§ TASK DESCRIPTION
Output all entries exactly; images excluded.

───── GIVEN RECORDS ─────

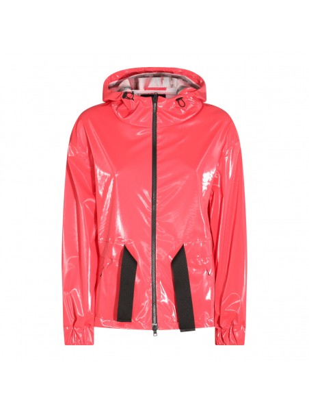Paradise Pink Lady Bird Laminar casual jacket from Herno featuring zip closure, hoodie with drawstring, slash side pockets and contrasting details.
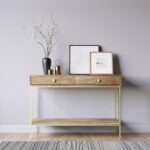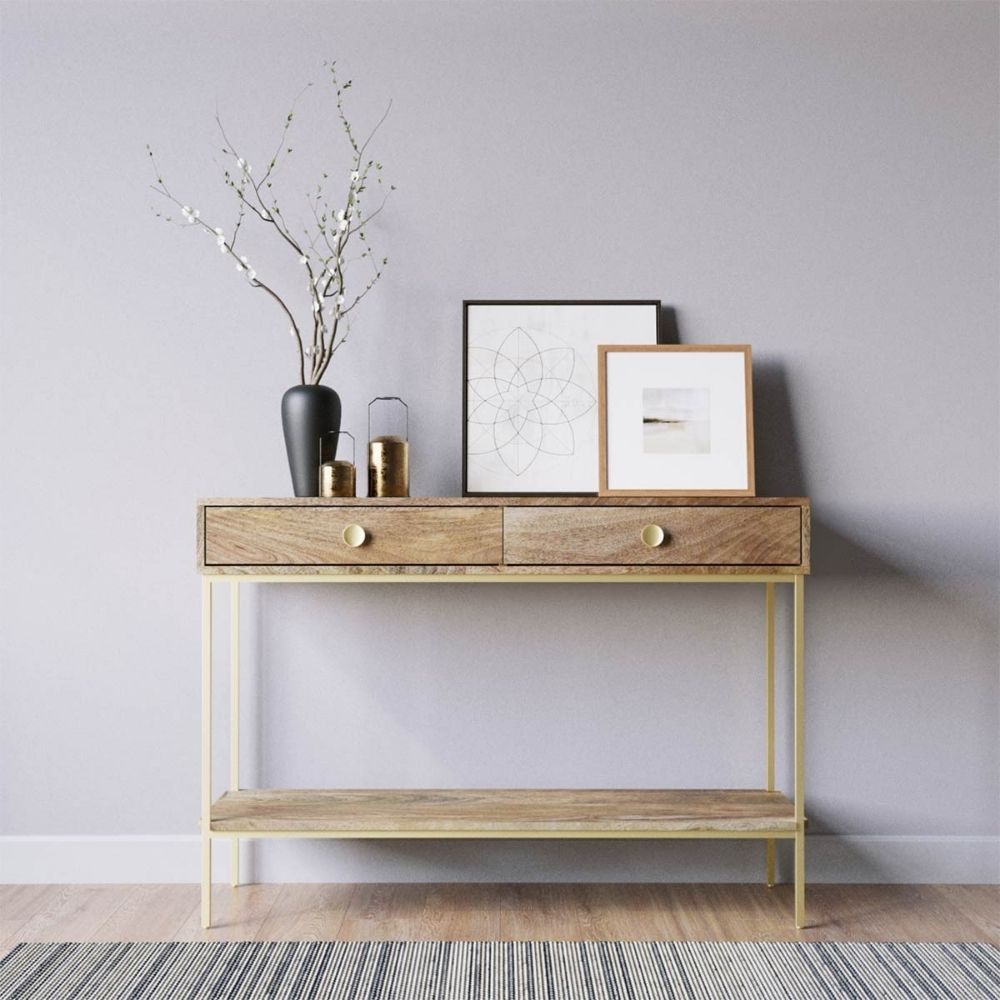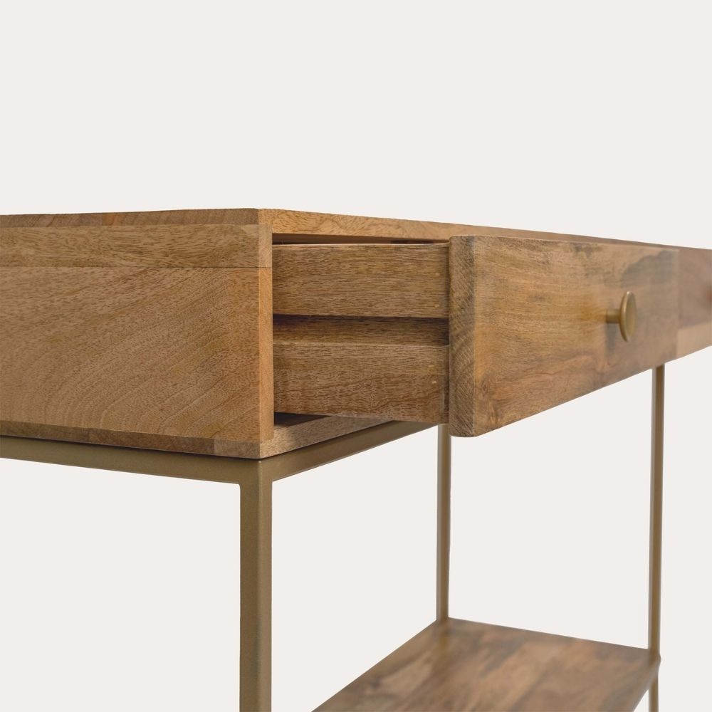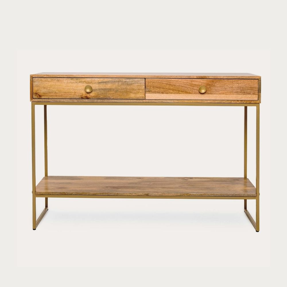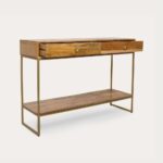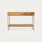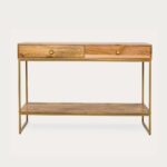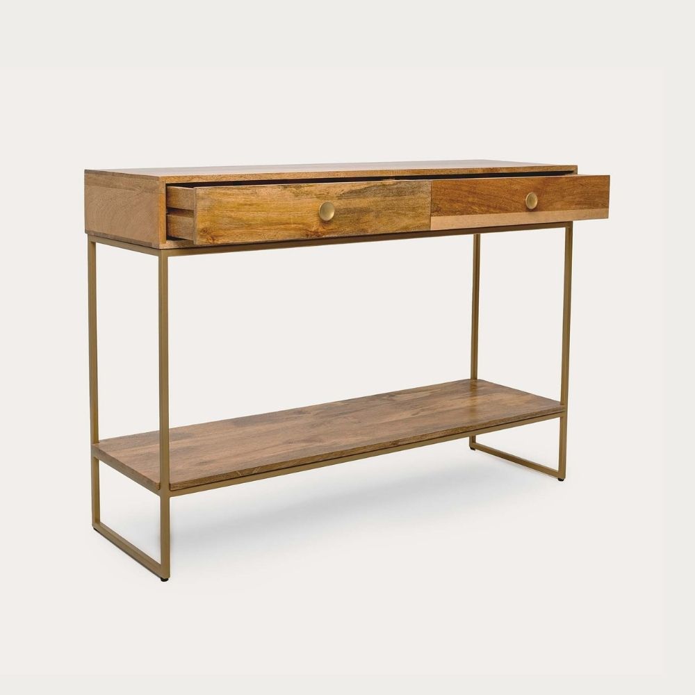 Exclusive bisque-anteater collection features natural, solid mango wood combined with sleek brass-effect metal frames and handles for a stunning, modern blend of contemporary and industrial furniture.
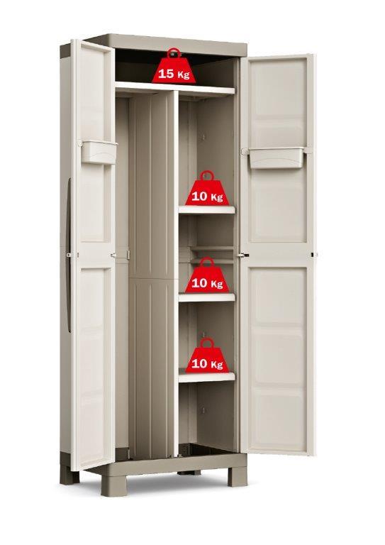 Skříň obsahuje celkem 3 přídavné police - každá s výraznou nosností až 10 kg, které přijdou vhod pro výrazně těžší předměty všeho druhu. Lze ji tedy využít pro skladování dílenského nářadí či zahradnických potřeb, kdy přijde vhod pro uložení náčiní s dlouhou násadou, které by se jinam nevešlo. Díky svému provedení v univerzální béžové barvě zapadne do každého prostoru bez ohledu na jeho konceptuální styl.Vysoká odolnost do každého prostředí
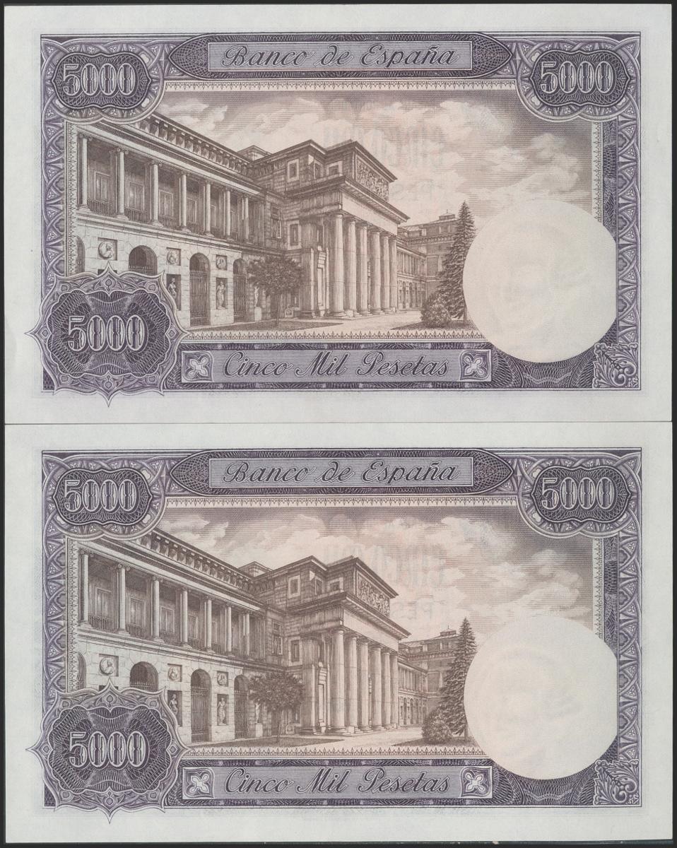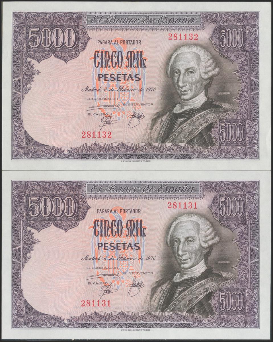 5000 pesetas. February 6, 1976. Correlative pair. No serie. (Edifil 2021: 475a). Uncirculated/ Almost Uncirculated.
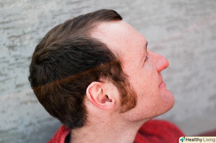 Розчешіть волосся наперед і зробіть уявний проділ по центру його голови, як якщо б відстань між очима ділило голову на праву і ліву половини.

─────

§ RESPONSE AREA
Paradise Pink Lady Bird Laminar casual jacket from Herno featuring zip closure, hoodie with drawstring, slash side pockets and contrasting details.
 Exclusive bisque-anteater collection features natural, solid mango wood combined with sleek brass-effect metal frames and handles for a stunning, modern blend of contemporary and industrial furniture.
 Skříň obsahuje celkem 3 přídavné police - každá s výraznou nosností až 10 kg, které přijdou vhod pro výrazně těžší předměty všeho druhu. Lze ji tedy využít pro skladování dílenského nářadí či zahradnických potřeb, kdy přijde vhod pro uložení náčiní s dlouhou násadou, které by se jinam nevešlo. Díky svému provedení v univerzální béžové barvě zapadne do každého prostoru bez ohledu na jeho konceptuální styl.Vysoká odolnost do každého prostředí
 5000 pesetas. February 6, 1976. Correlative pair. No serie. (Edifil 2021: 475a). Uncirculated/ Almost Uncirculated.
 Розчешіть волосся наперед і зробіть уявний проділ по центру його голови, як якщо б відстань між очима ділило голову на праву і ліву половини.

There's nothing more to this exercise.